*Task requirements*. Please restate the records that follow exactly, skipping their images.

** Data provided follows **

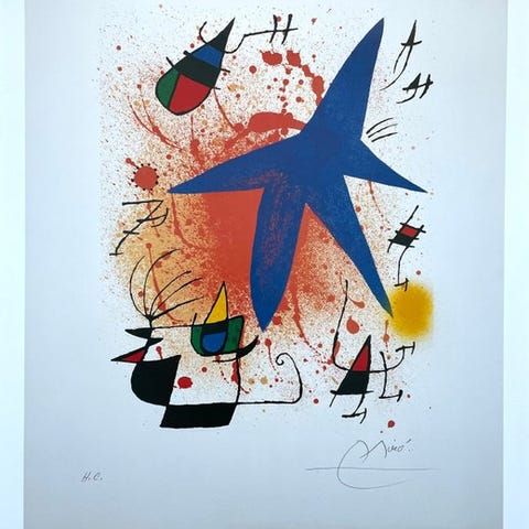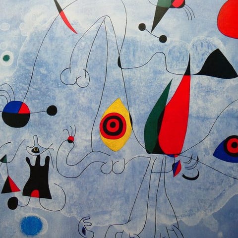 Genfortælling af værket 'Personnages Rythmiques', skabt af Miró i 1934, som er en del af samlingen af Kunstsammlung Nordrhein-Westfalen i Düsseldorf.
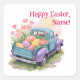 Retro Teal & Purple Truck with Easter Eggs Quadratischer Aufkleber
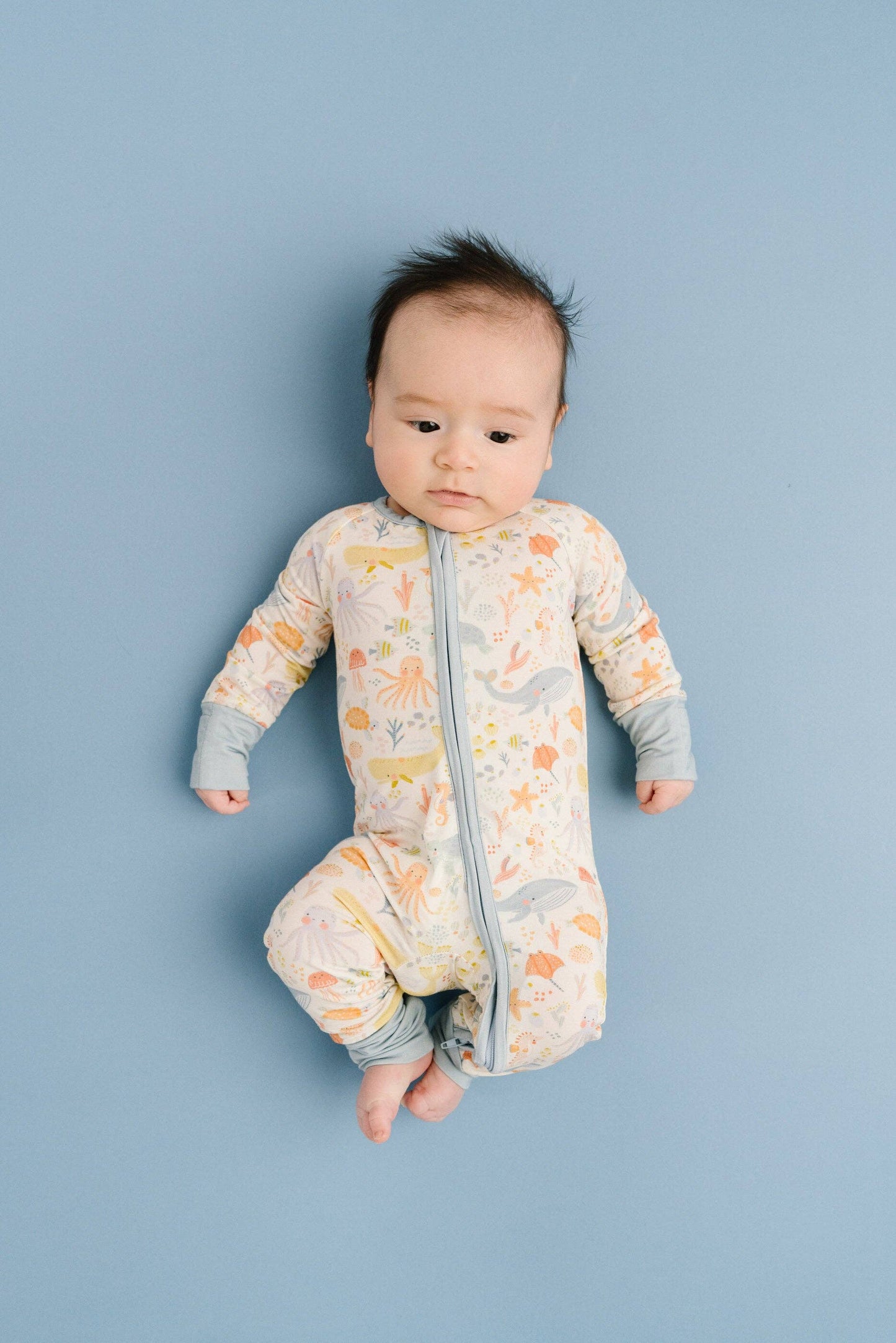 - Full-Length Zipper: Two-way zip from ankle to chin for quick, fuss-free diaper changes — even at 2 AM
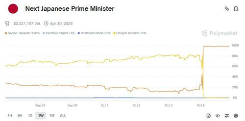 As Bloomberg notes, Takaichi is expected to become premier later this month in a parliamentary vote. In becoming the LDP’s chief, Takaichi has already smashed a glass ceiling in a nation that has only seen male ruling party leaders.
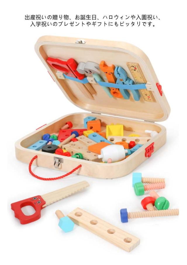 大工さんセット 工具おもちゃ 組み立て おもちゃ 男の子 女の子 52点セット 木製おもちゃ 知育玩具 モンテッソーリ 木のおもちゃ 工具 ままごと ごっこ遊び 大工さんごっこ 玩具DIY 知育玩具 ツールボックス 子供人気 収納ボックス付き 誕生日 クリスマス プレゼント
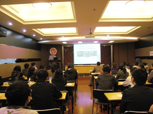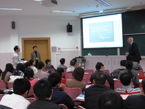 Zimmermann教授的首场报告从药物发现、临床前研究、临床研究和上市注册等几个环节详细介绍了新药从发现到上市的流程。详细剖析了各个环节可能存在的问题,并就如何减少药物研发成本、提高药物开发成功率提出了许多有借鉴意义的思路。第二场报告中,Zimmermann教授展示了不同规格的硅胶等材料对纳米微粒性能的影响,并展望了纳米材料在药物制剂方面的未来发展。报告结束后,Zimmermann教授与在座师生就药物研发的热点问题进行交流,教授言谈风趣,讲解耐心,会场气氛十分热烈。
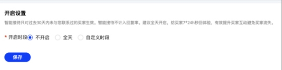 4、开启时段位置,选择”不开启“,然后保存即可(智能接待支持主/子账号分开设置,若子账号单独有设置需关闭,需子账号登录后台操作)
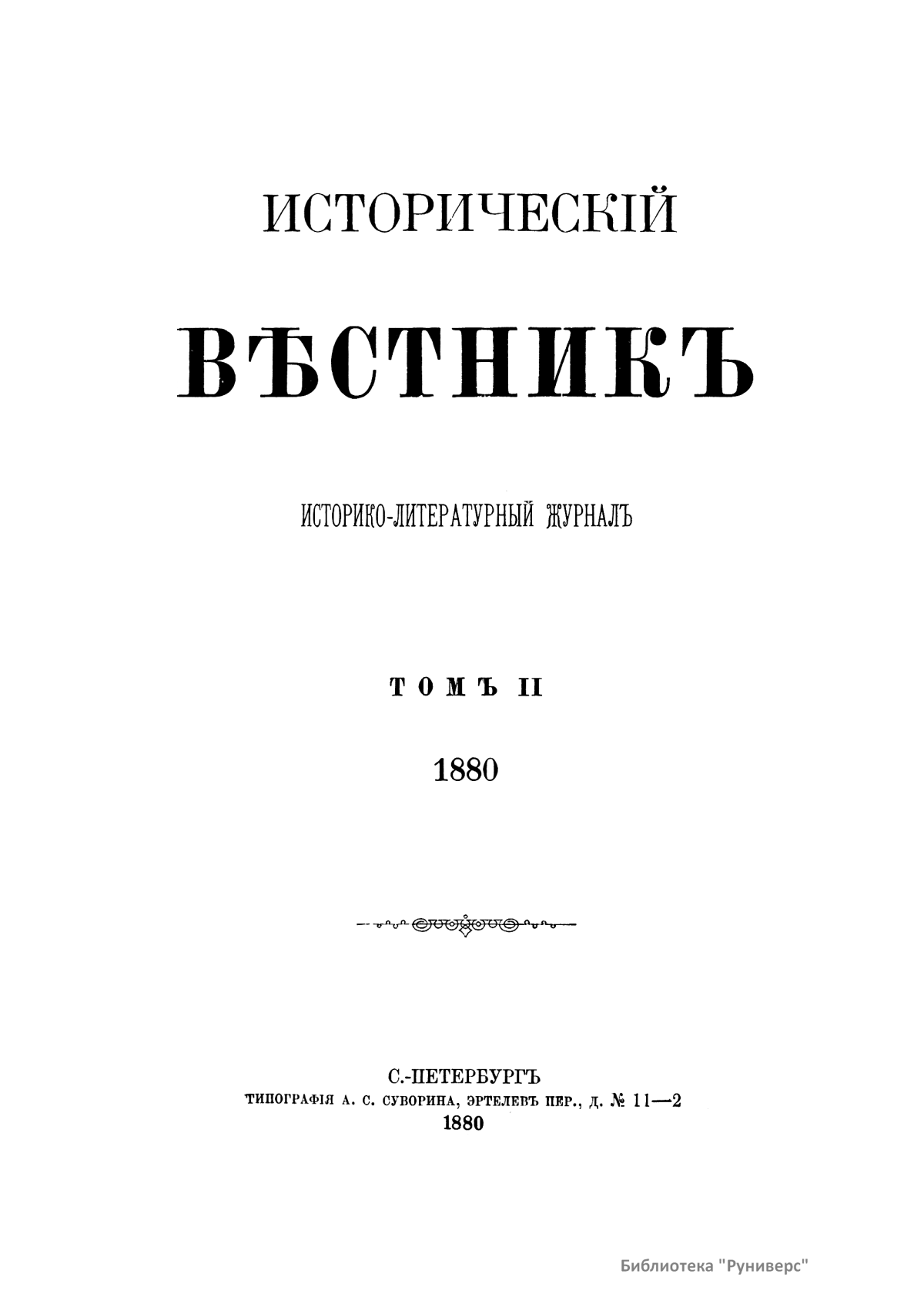 «Исторический вестник» - русский ежемесячный историко-литературный журнал. Издавался в Санкт-Петербурге с 1880-го по 1917 г. Журнал был основан А.С. Сувориным и С.Н. Шубинским с целью «знакомить читателей в живой, общедоступной форме с современным состоянием исторической науки и литературы в России и Европе». Вышло 150 тт. Каждый том состоял из трёх ежемесячных выпусков, имел свою нумерацию страниц, оглавление, список иллюстраций. Журнал приобрёл устойчивую популярность среди читателей, заняв прочное место в «триумвирате» русских исторических журналов наряду с «Русским архивом» и «Русской стариной». опережая их по количеству подписчиков. Отличием «Исторического вестника» было то, что он не помещал на своих страницах необработанных, сырых материалов. С другой стороны, журнал приближался по своему типу к журналам общелитературного образца, сочетая в себе коммерческий успех и доступное изложение материала.
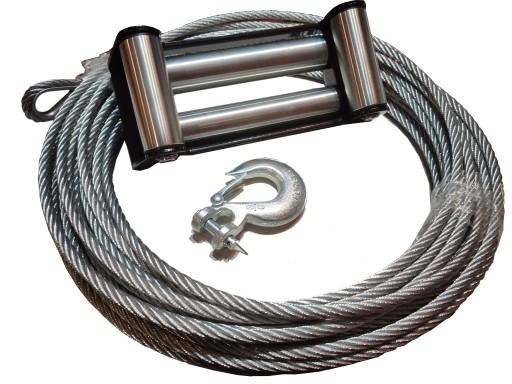 ZESTAW LINA STALOWA 10MM 25 M WRAZ Z PROWADNICA ROLKOWĄ LINY STALOWEJ I HAKIEM
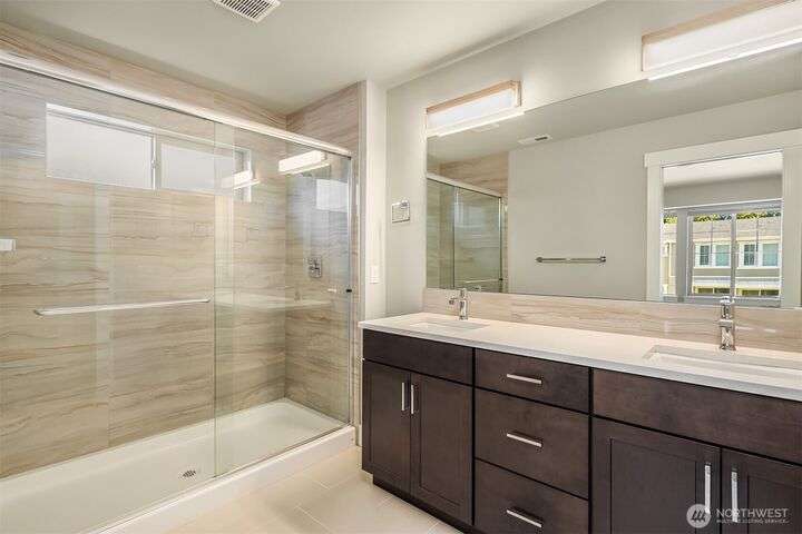 Welcome to Lake Stickney. Defining modern living at its best, this home offers a very spacious and well-designed open floorplan. Light and bright throughout, this 4bdrm, 3.5bth home backs to a green belt park like setting. Slab quartz countertops, cook's kitchen with center island, walk-in pantry, hardwoods, high-efficiency heating and AC. Master Suite with walk in closet, dual vanity, vaulted ceilings. Easy access to shopping, dining, I-5,405 & bus line.
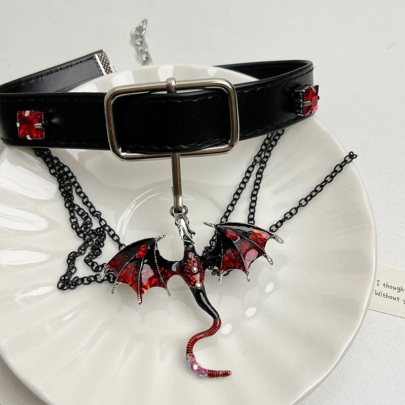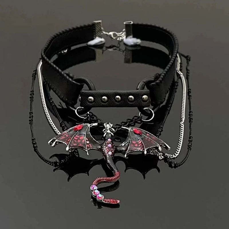 😈Elevate your style with our Gothic Punk Flying Dragon Tassel Choker Necklace – where fantasy meets fashion in a captivating display around your neck.
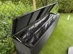 Tuinbox van vidaxl. Afmetingen 200 x 50 x 60 met binnenzak met rits. Aangekocht 10/08, gemonteerd en dan gezien dat het eigenlijk
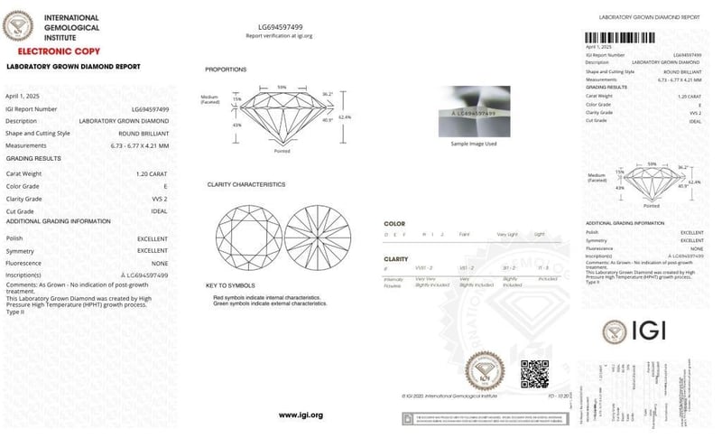 1.20 CARAT ROUND BRILLIANT DIAMOND 1.20 Carat Round Brilliant Diamond E/Vvs2 Igi Certificate # Lg 694597499 Laser Inscribed : Labgrown Igi Lg 694597499 Cut : Ideal Polish : Excellent Symmetry : Excellent Flourescence : None Type : Hpht Condition: Good - Refer Images 0488974+135
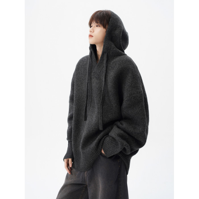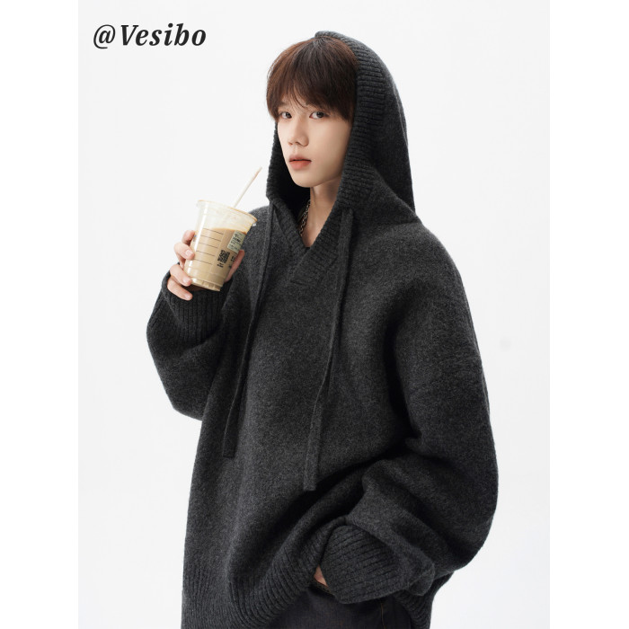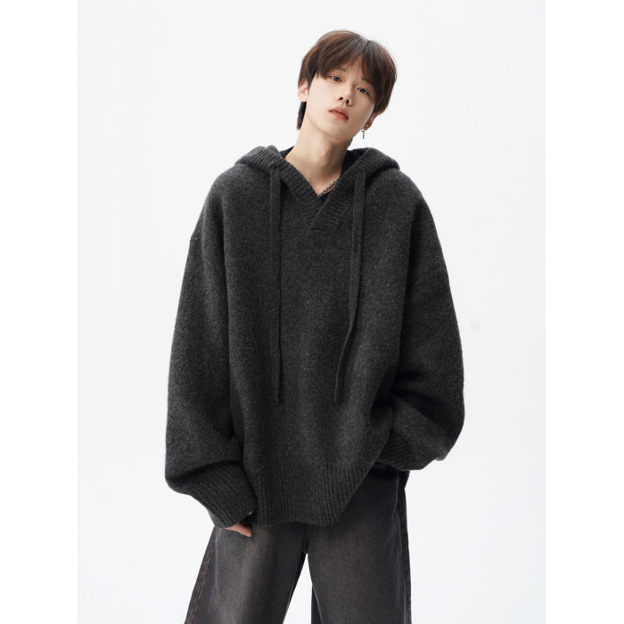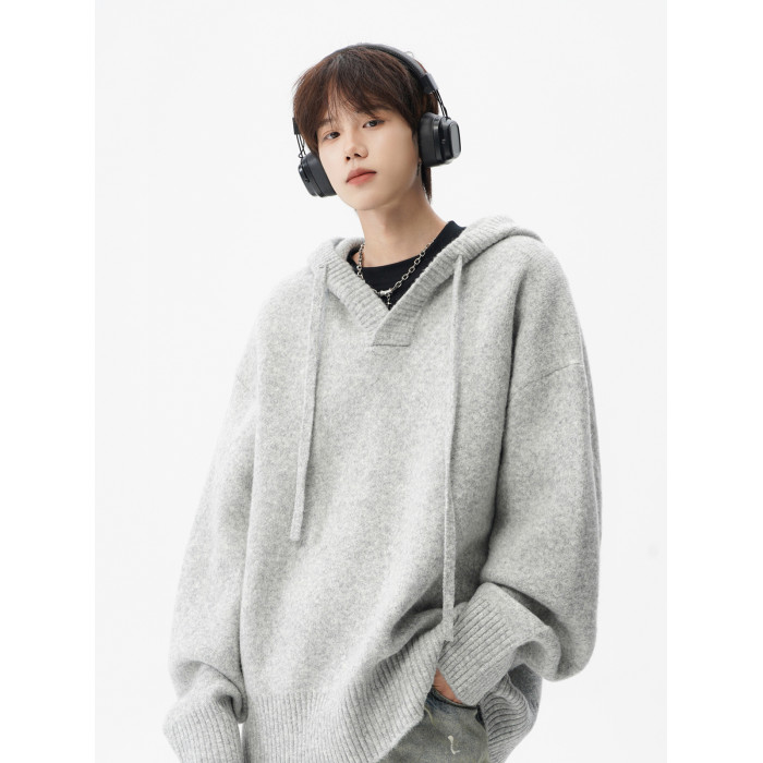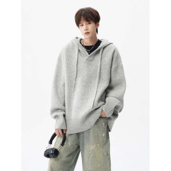 美式cleanfit針織套頭衫男冬潮牌慵懶風連帽毛衣寬松復古情侶線衣

** End of Data provided **

*Answer to this problem*.
 Genfortælling af værket 'Personnages Rythmiques', skabt af Miró i 1934, som er en del af samlingen af Kunstsammlung Nordrhein-Westfalen i Düsseldorf.
 Retro Teal & Purple Truck with Easter Eggs Quadratischer Aufkleber
 - Full-Length Zipper: Two-way zip from ankle to chin for quick, fuss-free diaper changes — even at 2 AM
 As Bloomberg notes, Takaichi is expected to become premier later this month in a parliamentary vote. In becoming the LDP’s chief, Takaichi has already smashed a glass ceiling in a nation that has only seen male ruling party leaders.
 大工さんセット 工具おもちゃ 組み立て おもちゃ 男の子 女の子 52点セット 木製おもちゃ 知育玩具 モンテッソーリ 木のおもちゃ 工具 ままごと ごっこ遊び 大工さんごっこ 玩具DIY 知育玩具 ツールボックス 子供人気 収納ボックス付き 誕生日 クリスマス プレゼント
 Zimmermann教授的首场报告从药物发现、临床前研究、临床研究和上市注册等几个环节详细介绍了新药从发现到上市的流程。详细剖析了各个环节可能存在的问题,并就如何减少药物研发成本、提高药物开发成功率提出了许多有借鉴意义的思路。第二场报告中,Zimmermann教授展示了不同规格的硅胶等材料对纳米微粒性能的影响,并展望了纳米材料在药物制剂方面的未来发展。报告结束后,Zimmermann教授与在座师生就药物研发的热点问题进行交流,教授言谈风趣,讲解耐心,会场气氛十分热烈。
 4、开启时段位置,选择”不开启“,然后保存即可(智能接待支持主/子账号分开设置,若子账号单独有设置需关闭,需子账号登录后台操作)
 «Исторический вестник» - русский ежемесячный историко-литературный журнал. Издавался в Санкт-Петербурге с 1880-го по 1917 г. Журнал был основан А.С. Сувориным и С.Н. Шубинским с целью «знакомить читателей в живой, общедоступной форме с современным состоянием исторической науки и литературы в России и Европе». Вышло 150 тт. Каждый том состоял из трёх ежемесячных выпусков, имел свою нумерацию страниц, оглавление, список иллюстраций. Журнал приобрёл устойчивую популярность среди читателей, заняв прочное место в «триумвирате» русских исторических журналов наряду с «Русским архивом» и «Русской стариной». опережая их по количеству подписчиков. Отличием «Исторического вестника» было то, что он не помещал на своих страницах необработанных, сырых материалов. С другой стороны, журнал приближался по своему типу к журналам общелитературного образца, сочетая в себе коммерческий успех и доступное изложение материала.
 ZESTAW LINA STALOWA 10MM 25 M WRAZ Z PROWADNICA ROLKOWĄ LINY STALOWEJ I HAKIEM
 Welcome to Lake Stickney. Defining modern living at its best, this home offers a very spacious and well-designed open floorplan. Light and bright throughout, this 4bdrm, 3.5bth home backs to a green belt park like setting. Slab quartz countertops, cook's kitchen with center island, walk-in pantry, hardwoods, high-efficiency heating and AC. Master Suite with walk in closet, dual vanity, vaulted ceilings. Easy access to shopping, dining, I-5,405 & bus line.
 😈Elevate your style with our Gothic Punk Flying Dragon Tassel Choker Necklace – where fantasy meets fashion in a captivating display around your neck.
 Tuinbox van vidaxl. Afmetingen 200 x 50 x 60 met binnenzak met rits. Aangekocht 10/08, gemonteerd en dan gezien dat het eigenlijk
 1.20 CARAT ROUND BRILLIANT DIAMOND 1.20 Carat Round Brilliant Diamond E/Vvs2 Igi Certificate # Lg 694597499 Laser Inscribed : Labgrown Igi Lg 694597499 Cut : Ideal Polish : Excellent Symmetry : Excellent Flourescence : None Type : Hpht Condition: Good - Refer Images 0488974+135
 美式cleanfit針織套頭衫男冬潮牌慵懶風連帽毛衣寬松復古情侶線衣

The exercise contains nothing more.